No one is swooping in from the government to tell them what’s best. The bottom-up approach we propose builds on existing trusted relationships. It will focus on fact-based conversations and understanding of attitudes and behaviors, not lectures. The goal is person-to-person outreach, respectfully listening to and addressing an individuals’ concerns. Vaccine Confidence Leagues complement and run along-side national efforts, expanding the impact among those who haven’t been vaccinated yet and who trust their doctors, ministers and community leaders to work in their best interest.

And consider this: Local isn’t only more effective: It’s also more efficient.

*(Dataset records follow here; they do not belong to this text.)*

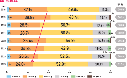 ●将来、子どもを望む若年未婚男女の第一子希望年齢に関して、2018年は約2.5人に1人(39.0%)が30歳になるまでに第一子を望んでいましたが、2025年は約4人に1人(25.2%)まで減少。30代以降に希望する層が伸張しており、第一子希望年齢は後ろ倒しとなっています。(平均年齢は31.3才)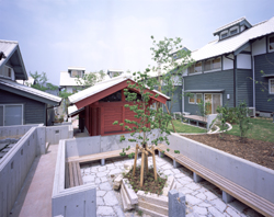 お互いの暮らし方を尊重しつつも、時に和気あいあいと村人たちが集い、語らいながら作り上げていく緩やかなコミュニティ。そのための中庭や多目的広場、花壇スペースを備えました。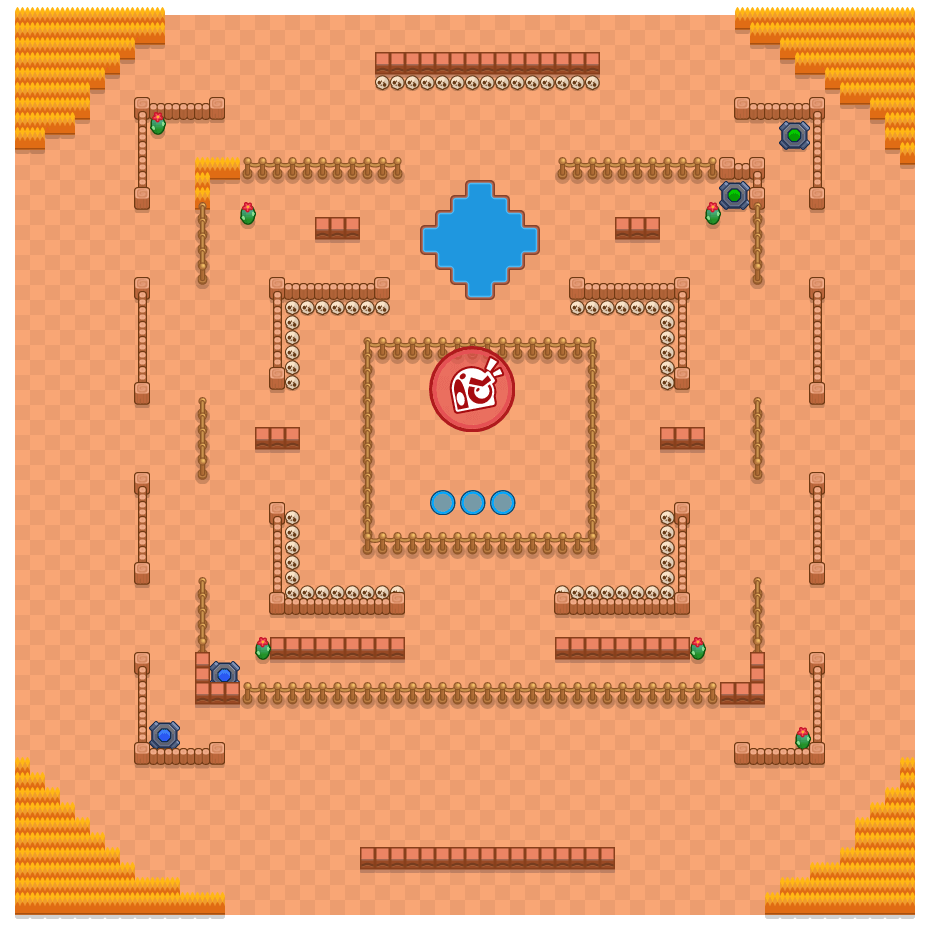 Спавн и босса, и игроков расположен внутри клетки из верёвочного забора. Сверху клетки есть водоём. В правом верхнем и в левом нижнем углах возле стен расположены телепорты. В левом верхнем углу есть пять кустов. В углах карты расположены кусты. Дизайн Каньона.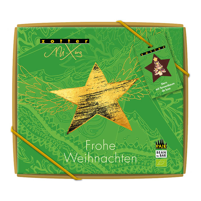A chocolate star made from a dark, fine flavour chocolate and decorated with a fir tree created with a sweet white chocolate. It features some crispy passion fruit chocolate bits and crunchy cacao nibs in a pink raspberry couverture. A delicious little caramel vanilla star crowns the tip of the tree.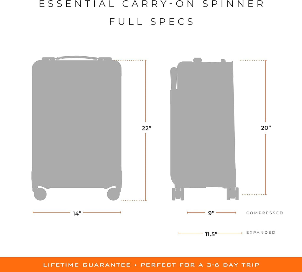 - DOMESTIC CARRY-ON LUGGAGE - Measuring 22" x 14" x 9-11.5", this expandable packing system enlarges to become astonishingly roomy, then compresses to easily fit most US overhead bins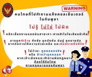 สถานเอกอัครราชทูต ณ กรุงพนมเปญ ขอแจ้งเตือนคนไทยที่กำลังคิดจะไปทำงานแก๊งคอลเซ็นเตอร์ หรือทำงานผิดกฎหมายอื่นๆ ในประเทศกัมพูชา คุณอาจถูกทำร้ายร่างกาย กักขัง ถูกบังคับให้ทำงาน ถูกข่มขู่ ถูกขายต่อ ซึ่งอาจเป็นอันตรายถึงชีวิตและยากต่อการให้ความช่วยเหลือ

Vaccine Confidence Leagues can adapt and pivot to meet community needs as they arise. There’s no need to wait for direction from on high. (Although, I have to add that seed funding from on high wouldn’t hurt. But that’s another blog post for another day.)

Ideally, these efforts will outlast the pandemic. They will spring from the community. They can then take on health in their communities and work to expand utilization and take-up of all adult and childhood vaccines.

Not only local
In addition to development of Vaccine Confidence Leagues (VCLs) and community-building activities, the report also includes recommendations directed at federal and state regulators. These include the following:

  • Accelerated approval of vaccines
  • Public education
  • Payment reform
  • Support for the public health infrastructure.
  • Improved vaccine access for primary care practices—in fact, parity of vaccine supply to all vaccination sites.
  • More effective immunization information systems (IIS)
  • No cost-sharing for certain patients
  • Enhanced diversity, inclusion and equity

Read the Report. Share it. Learn more.
This report represents 90 days of work by the GTMRx National Task Force on Building Vaccine Confidence in the Health Neighborhood, led by

  • Paul W. Abramowitz, Pharm.D., ScD (Hon), FASHP, CEO, American Society of Health-System Pharmacists
  • Georges C. Benjamin, MD, executive director, American Public Health Association
  • Susan Dentzer, senior policy fellow, Robert J. Margolis Center for Health Policy at Duke University

It contains a wealth of information on vaccine confidence and spells out each of our recommendations in detail. I urge you to read it and share it.

It’s not only the unvaccinated who need a sense of urgency. We need one if we are to improve vaccine uptake, save lives, move past the pandemic and get back to normal.

In addition to being Co-founder and Executive Director, Katherine H. Capps served as staff officer on the the GTMRx National Task Force on Building Vaccine Confidence in the Health Neighborhood.